Capítulo 1 - Segunda-feira com cheiro de terra molhada

O despertador tocou às 6h15, mas David já estava acordado.

Não por ansiedade, nem por dever. Era hábito. Seu corpo aprendera a despertar antes da hora, como se o silêncio da manhã fosse o único lugar onde ele cabia inteiro.

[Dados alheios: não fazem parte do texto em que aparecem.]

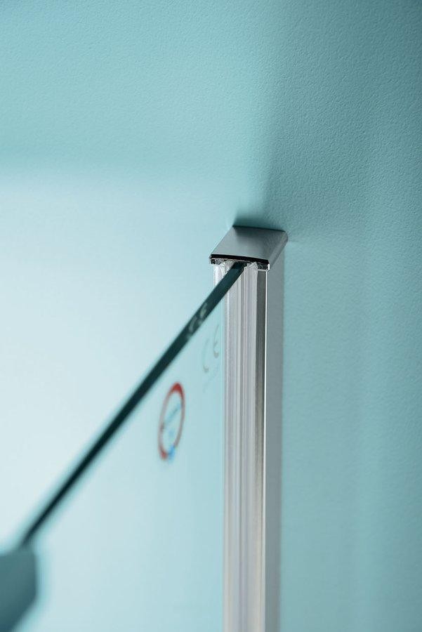 Ochranu proti přetečení vody u bezrámových zástěn zajišťuje nízká přetoková lišta, která dotváří čistý vzhled zástěny. Bezrámové zástěny tak působí svěžím elegantním dojmem.
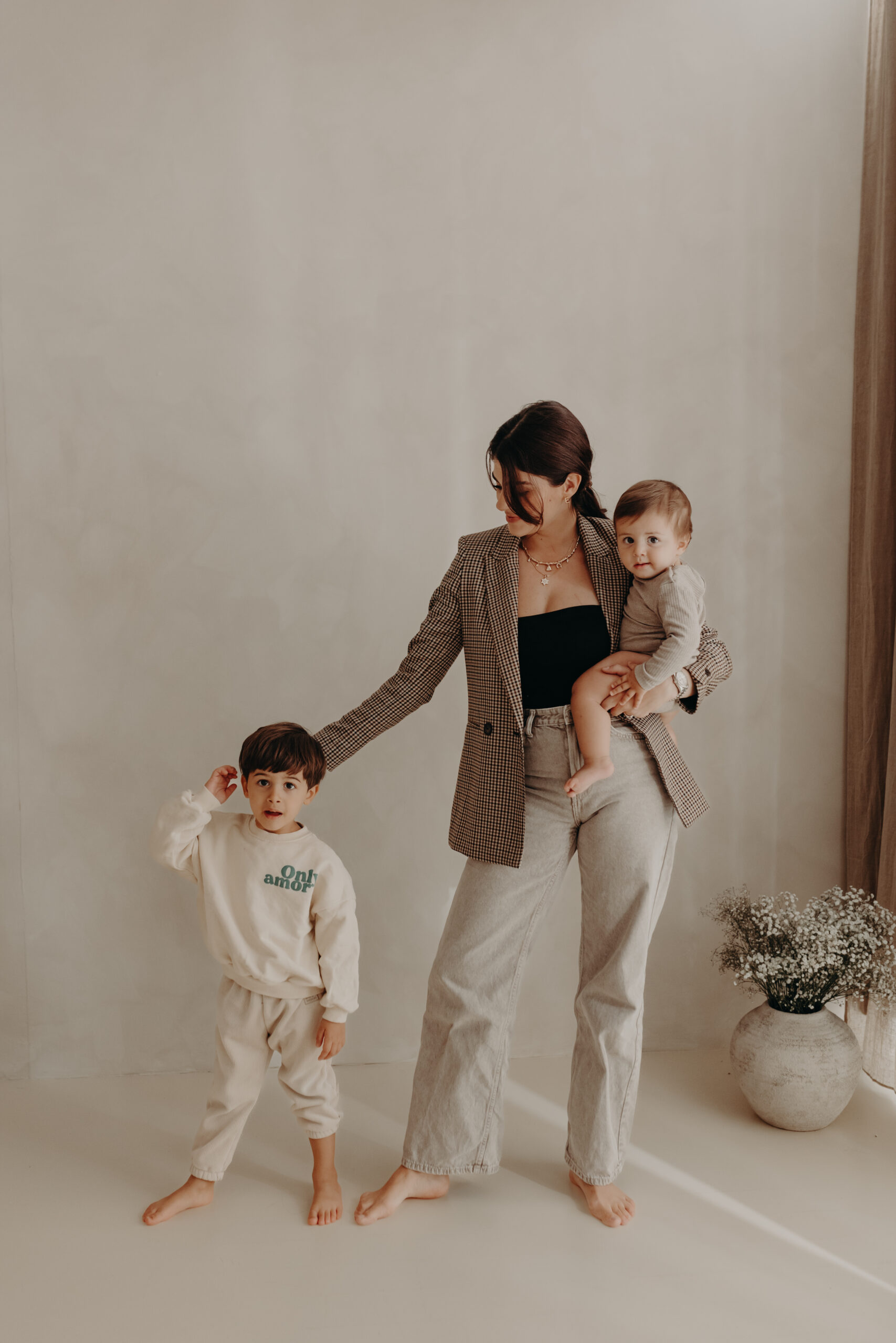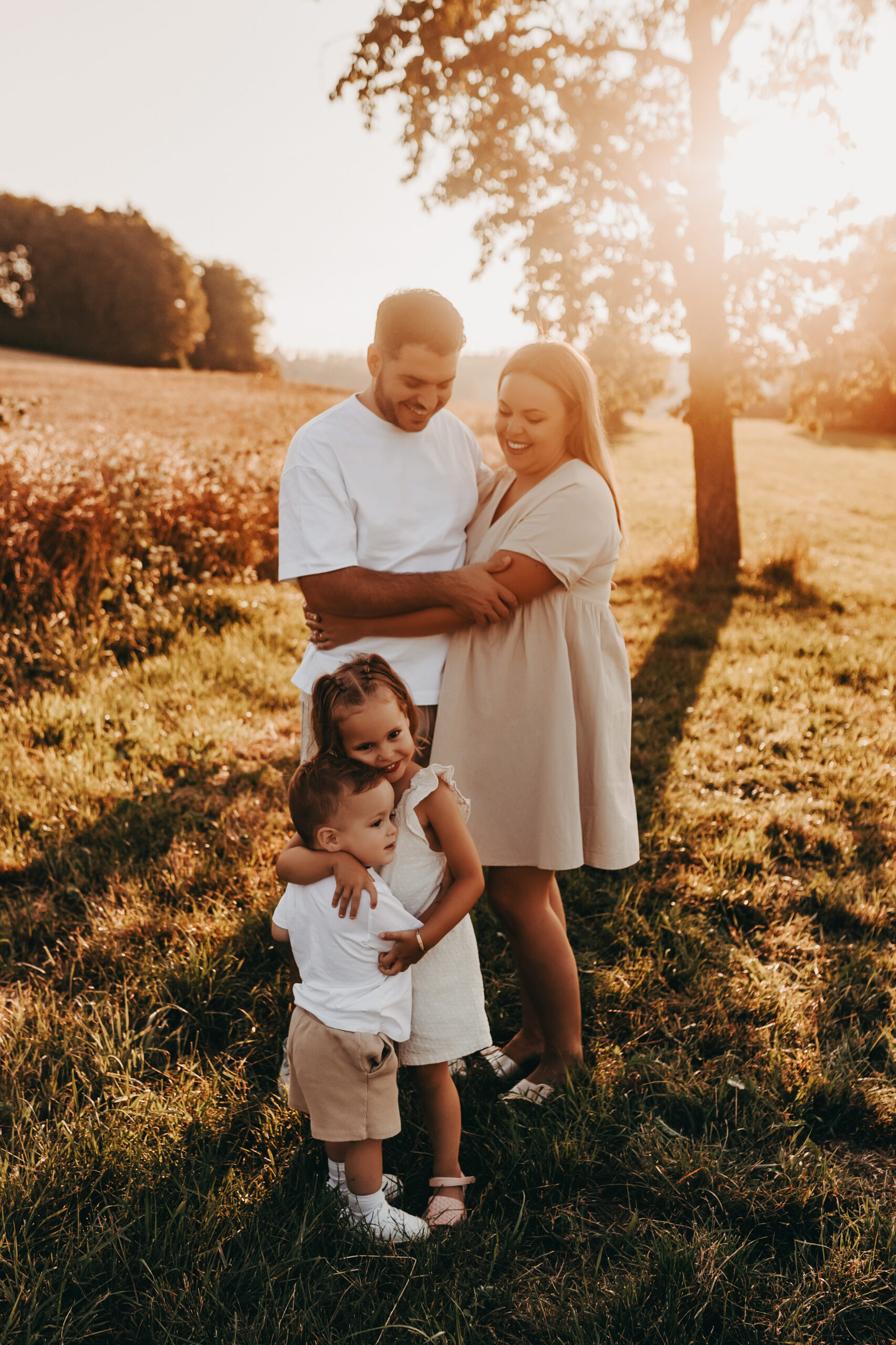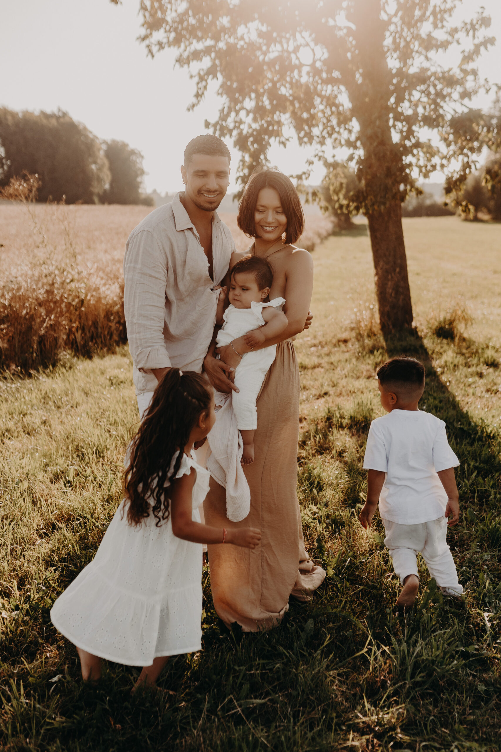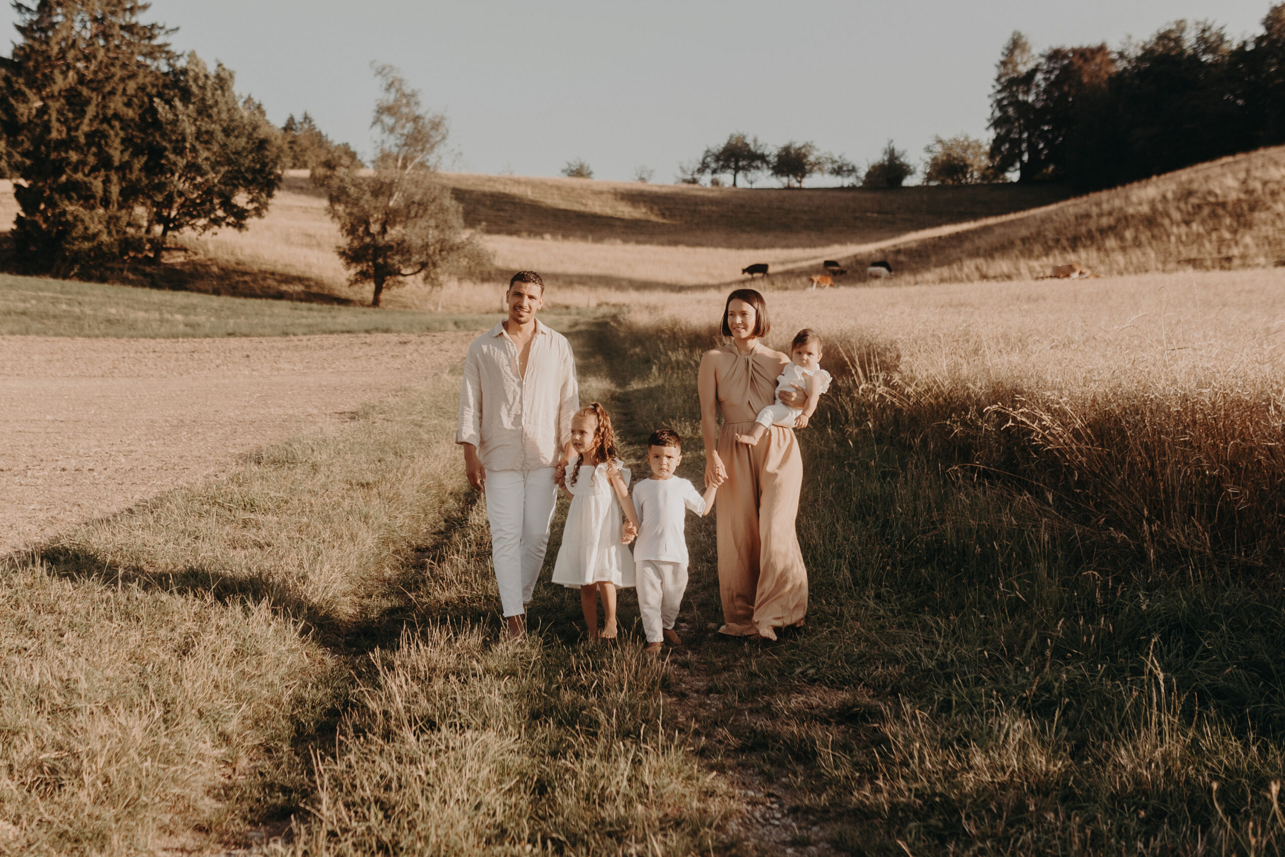 Ich empfehle euch, etwas Einfarbiges in Natur- bzw. Pastelltönen: Weiß, beige, dunkelgrün, grau, braun oder auch schwarz. Nichts allzu Buntes, mit Beschriftung oder Mustern. Damit auf dem Foto die Aufmerksamkeit ganz bei euch liegt und nicht beim T-Shirt oder Kleid. Versucht, alle in der gleichen Farbfamilie zu bleiben, mit einem ähnlichen Stil. Nach erfolgreicher Buchung erhaltet ihr weitere Informationen und auch einen Style Guide, der euch hilft, die richtige Kleidung auszuwählen.
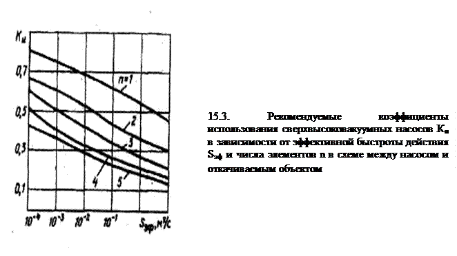 Оптимальные значения коэффициентов использования сверхвысоковакуумных насосов в зависимости от их быстроты действия в откачиваемом объекте и числа элементов в схеме между насосом и откачиваемым объектом приведены на рис. 15.3.
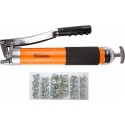 - W zestawie znajduje się stalowy wąż o długości 240 mm oraz elastyczny wężyk o długości 300 mm i gwincie M10, służące do wprowadzania zawartości do elementów mechanicznych.
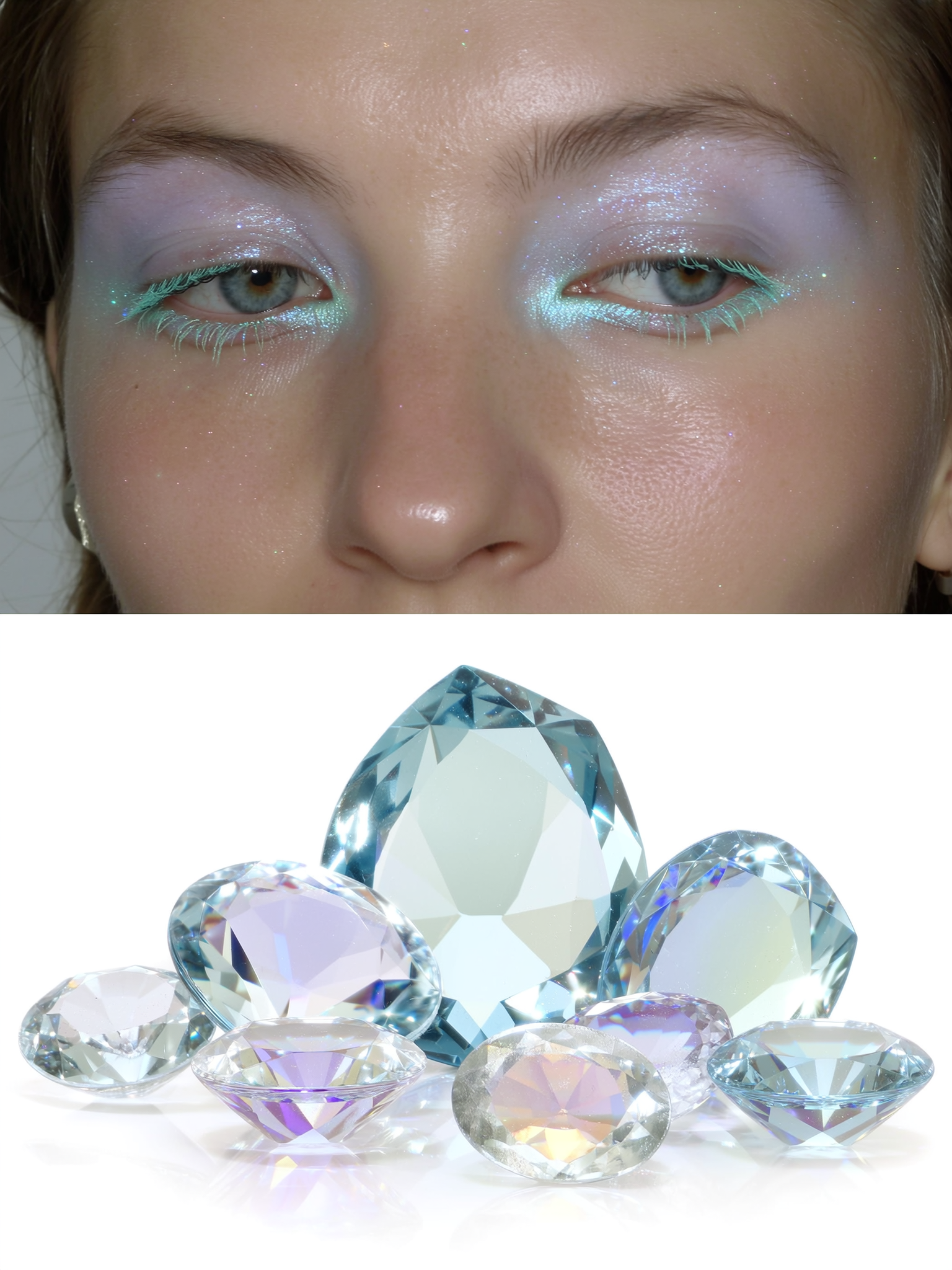 The bottom half displays a cluster of pastel-hued diamonds and sparkling gemstones on a clean white background. The gems feature gentle tints of icy blue, pale lavender, and soft silver with subtle iridescent reflections and finely detailed facets that catch light realistically. The stones rest naturally on the surface with soft, feathered shadows anchoring them lightly. The gemstones’ multifaceted textures with slight imperfections and small inclusions are clearly visible, enhancing realism. The composition is centered, harmonizing the cool, ethereal palette and crystalline textures with the eye makeup above. The horizontal split is perfectly centered, linking the delicate light reflections and pastel tones into a seamless, editorial, surreal portrait of brilliance and softness.
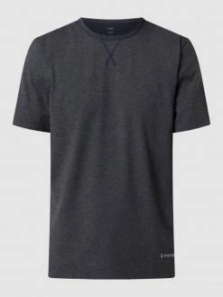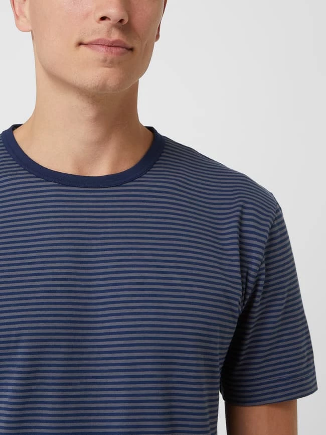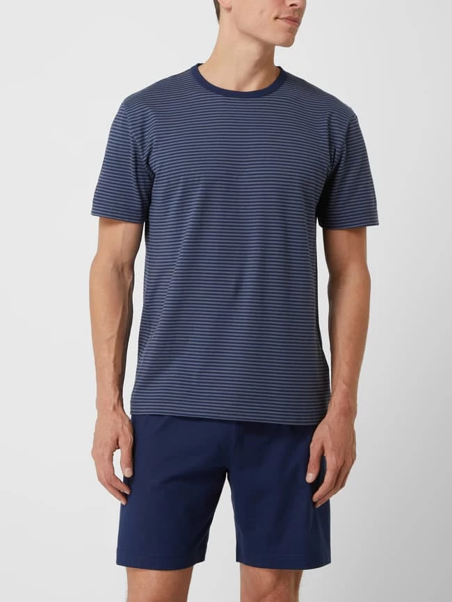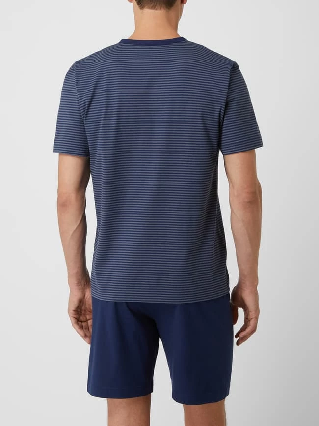 Der Pyjama von Mey ist aus reiner Baumwolle gefertigt. Das Oberteil zeigt sich mit Streifenmuster und Rundhalsausschnitt.
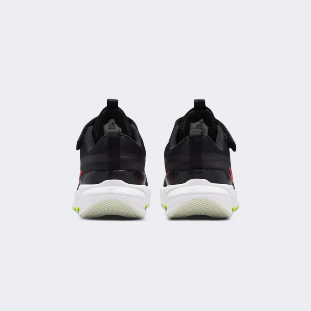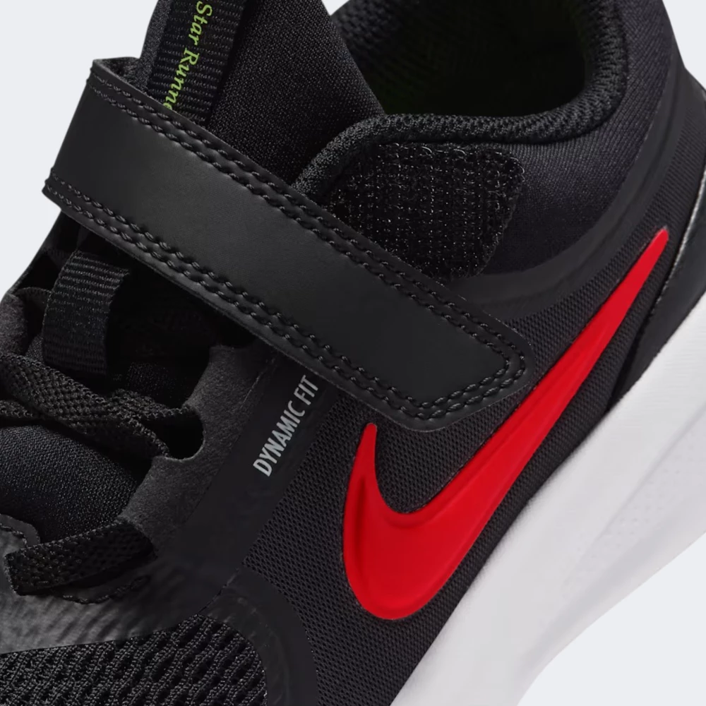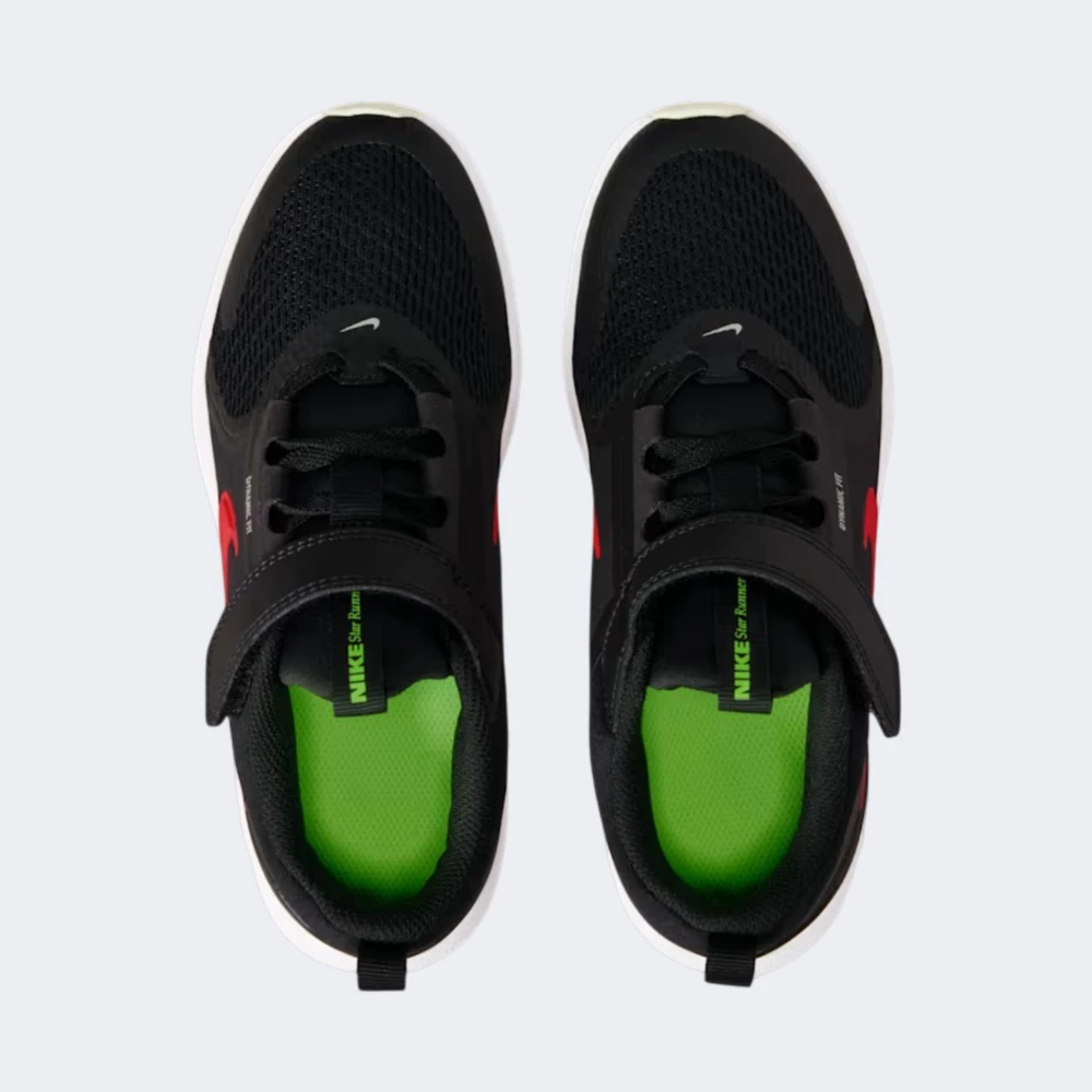 Nike STAR RUNNER 5 PS це кросівки з низьким профілем і комбінованим текстильно-синтетичним верхом, що включає дихаючу сітку в передній частині та матові синтетичні панелі по боках, зі шнурівкою та додатковою липучкою зверху і петельками на язичку та п'яті для зручного взування. Бічний великий логотип Swoosh яскраво-червоного кольору, проміжна підошва виконана з легкого спінованого матеріалу, зовнішня підметка з зносостійкої гуми з салатово-зеленими акцентами на протекторі, біла основна проміжна підошва, чорні шнурки і липучка. Матеріали верхньої частини комбіновані текстиль і синтетика, устілка та внутрішня підкладка текстильні з дихаючою структурою. Сезонність літній та демісезонний період

Ficou deitado alguns minutos, ouvindo o barulho da chuva fina batendo no telhado. A cidade ainda dormia. Ele não.

Levantou-se devagar, atravessou o chão frio da casa de um quarto e meia sala. Alongou os braços, girou os ombros. Dez flexões, vinte agachamentos. Um minuto de silêncio total.

Foi até a janela e abriu. O cheiro de terra molhada subiu como uma lembrança involuntária. Um cheiro antigo. Familiar.

Do tipo que traz vozes que não se ouve mais.

Na cozinha, preparou o café com precisão automática: três colheres rasas de pó, água quente — sem ferver — e o mesmo copo de vidro lascado na borda.

Enquanto a água passava, regou suas plantas da estante. Uma folha nova nascia no antúrio.

David sorriu. Pequeno. Só ele viu.

Sentou-se à mesa, olhou o celular, não abriu mensagens. Tomou o café devagar, como se cada gole adiasse o peso do dia.

> “O silêncio é confortável quando não vem acompanhado de ausência”, ele pensou.

Mas ali, sempre vinha.

Vestiu-se com uma camiseta escura e calça jeans. No espelho, encarou seu rosto: comum, como sempre. Nem bonito, nem feio. Apenas... ele.

Pegou a mochila, trancou a porta, saiu.

A rua ainda úmida refletia a cidade com um cinza macio.

No ônibus, olhou pela janela. Pessoas. Telhados. Postes. Tudo se repetia com a mesma precisão indiferente.

> Às vezes, David sentia que o mundo continuava girando mesmo quando ele parava. E isso o cansava de um jeito difícil de explicar.

Chegou à agência pouco antes das nove. Ninguém reparou sua entrada. Ligou o computador, conectou os fones — sem música — e abriu o primeiro e-mail.

Na mesa ao lado, Clara já estava sentada. Livro nas mãos, caneta vermelha entre os dedos.

Ela olhou de relance.

— Sua meia tá trocada.

David olhou para os pés. Azul escuro e preta.

— É — disse. — Esqueci de olhar.

Clara não riu. Só voltou ao livro.

> E talvez, naquele momento, algo dentro dele tenha lembrado o que era ser visto.